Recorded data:
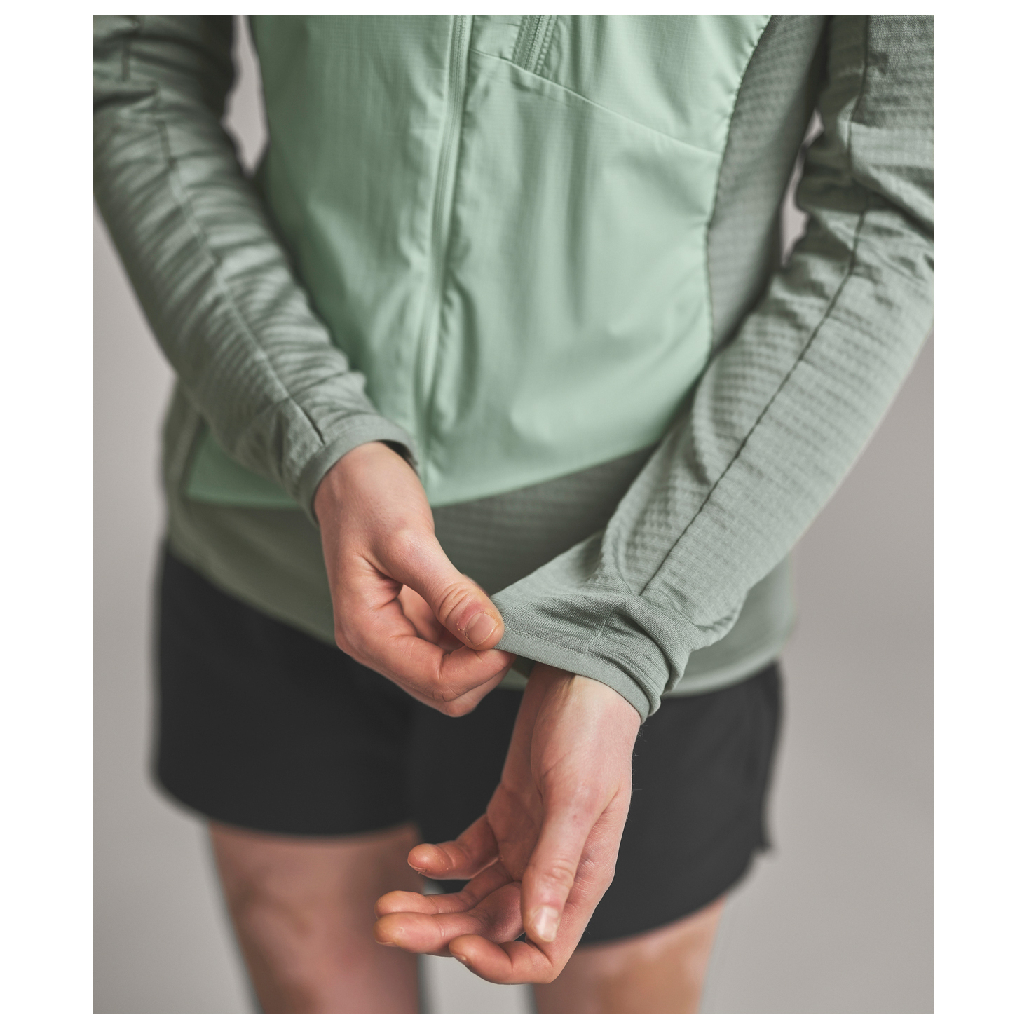 - elastic sleeve cuffs, elastic hem, stowable in its own pocket
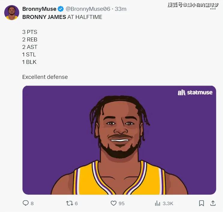 杜德利说:夏联场均25/26分的球员可能不会留在NBA,有些场均5/6分的角色球员则可以,别看数据,数据只是给那些充耳不闻的人看的。勒布朗-詹姆斯默默转发这条消息,为了太子布朗尼,老詹太辛苦。
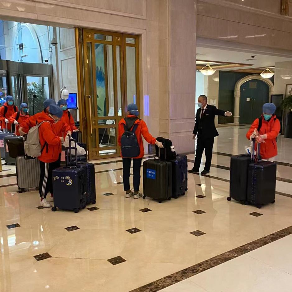 4月3日下午6点,满载着146位“最美逆行者”的大巴抵达国会中心,迎接他们的是酒店团队精心准备的温暖欢迎。根据医疗队要求,酒店迅速对场地设施进行了调整和再布置。当晚8点,146份热气腾腾的餐盒,承载着酒店团队的心意和问候,准时送达每一位医疗队成员的房间门口。
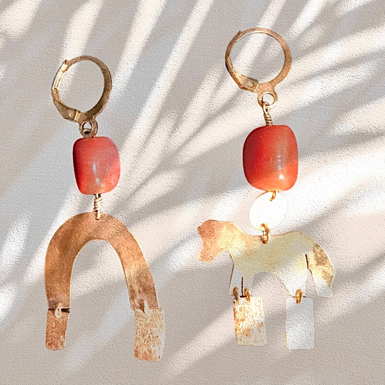 Boucles asymétriques plaquées or 24K 5 microns, Perle orange en céramique
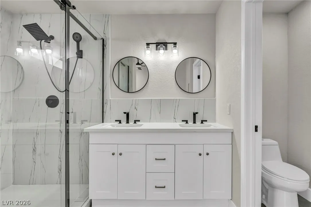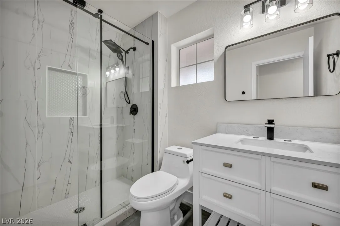 The home boasts high vaulted ceilings, recessed lighting, and luxury high baseboards throughout. Retreat to bedrooms featuring premium carpeting and generous walk-in closets. The spa-like bathrooms offer extra-large walk-in showers and dual vanities. Every detail has been considered: a tankless water heater, finished garage flooring, and a brand-new, oversized washer/dryer. Thoughtfully designed and fully renovated, this move-in-ready home stands in a class of its own. It looks even better in person. Schedule your private tour today!
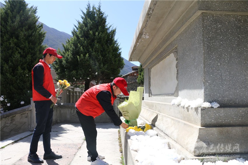 “圣潔尚巴”服務(wù)隊(duì)到烈士墓祭奠烈士。
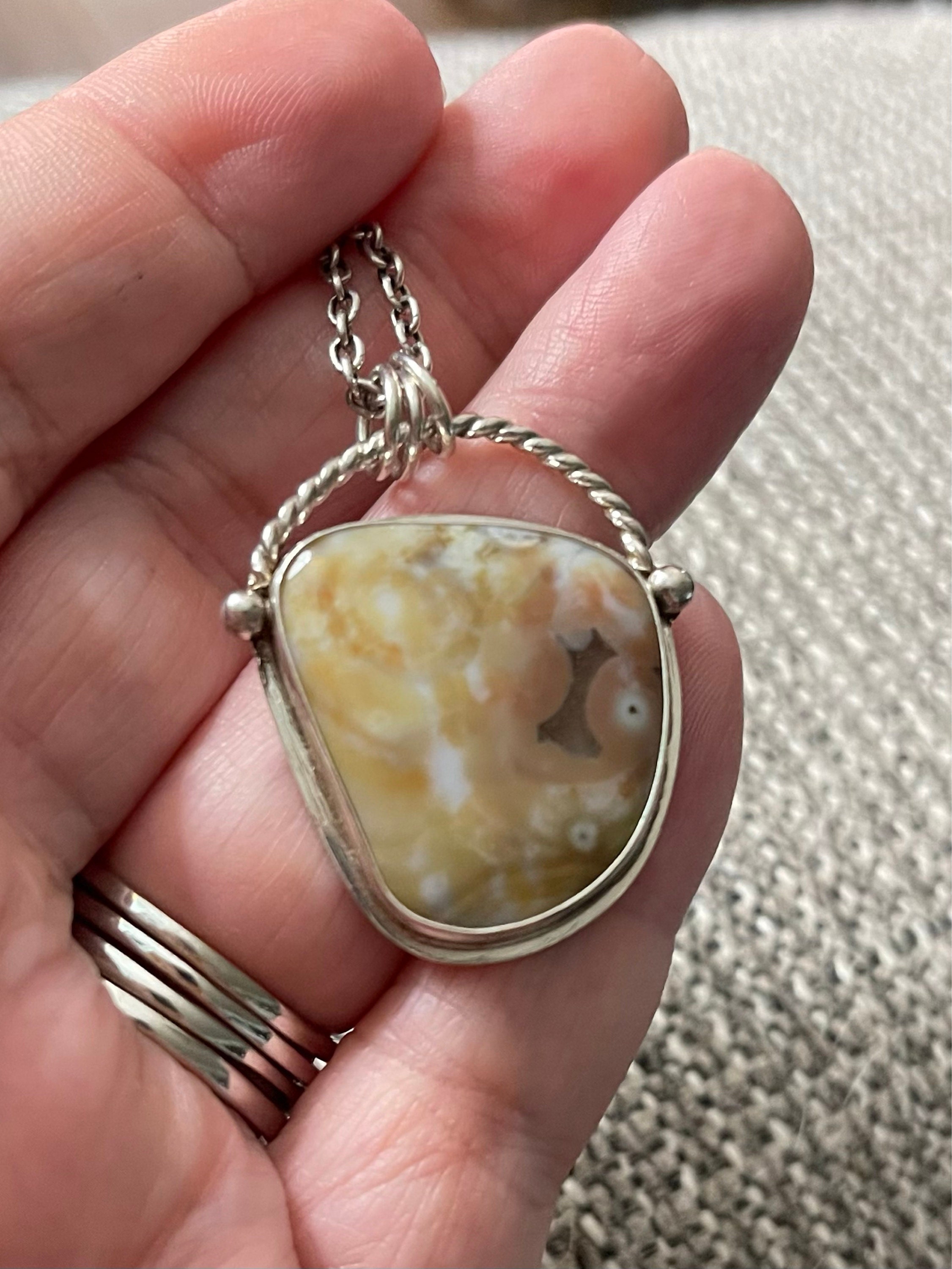 This listing is NOT for the Ocean Jasper Pendant(s) in the photos. The pendants in the photos illustrate how we will finish your custom Ocean Jasper Pendant - using the stone you choose. Choose your stone from the individual stones pictured in the drop-down - and we will create your custom pendant in the same style as the Ocean Jasper pendants in the photos.

— Task requirements —
Repeat each record exactly as shown above, dropping all images.

— Completed task —
 - elastic sleeve cuffs, elastic hem, stowable in its own pocket
 杜德利说:夏联场均25/26分的球员可能不会留在NBA,有些场均5/6分的角色球员则可以,别看数据,数据只是给那些充耳不闻的人看的。勒布朗-詹姆斯默默转发这条消息,为了太子布朗尼,老詹太辛苦。
 4月3日下午6点,满载着146位“最美逆行者”的大巴抵达国会中心,迎接他们的是酒店团队精心准备的温暖欢迎。根据医疗队要求,酒店迅速对场地设施进行了调整和再布置。当晚8点,146份热气腾腾的餐盒,承载着酒店团队的心意和问候,准时送达每一位医疗队成员的房间门口。
 Boucles asymétriques plaquées or 24K 5 microns, Perle orange en céramique
 The home boasts high vaulted ceilings, recessed lighting, and luxury high baseboards throughout. Retreat to bedrooms featuring premium carpeting and generous walk-in closets. The spa-like bathrooms offer extra-large walk-in showers and dual vanities. Every detail has been considered: a tankless water heater, finished garage flooring, and a brand-new, oversized washer/dryer. Thoughtfully designed and fully renovated, this move-in-ready home stands in a class of its own. It looks even better in person. Schedule your private tour today!
 “圣潔尚巴”服務(wù)隊(duì)到烈士墓祭奠烈士。
 This listing is NOT for the Ocean Jasper Pendant(s) in the photos. The pendants in the photos illustrate how we will finish your custom Ocean Jasper Pendant - using the stone you choose. Choose your stone from the individual stones pictured in the drop-down - and we will create your custom pendant in the same style as the Ocean Jasper pendants in the photos.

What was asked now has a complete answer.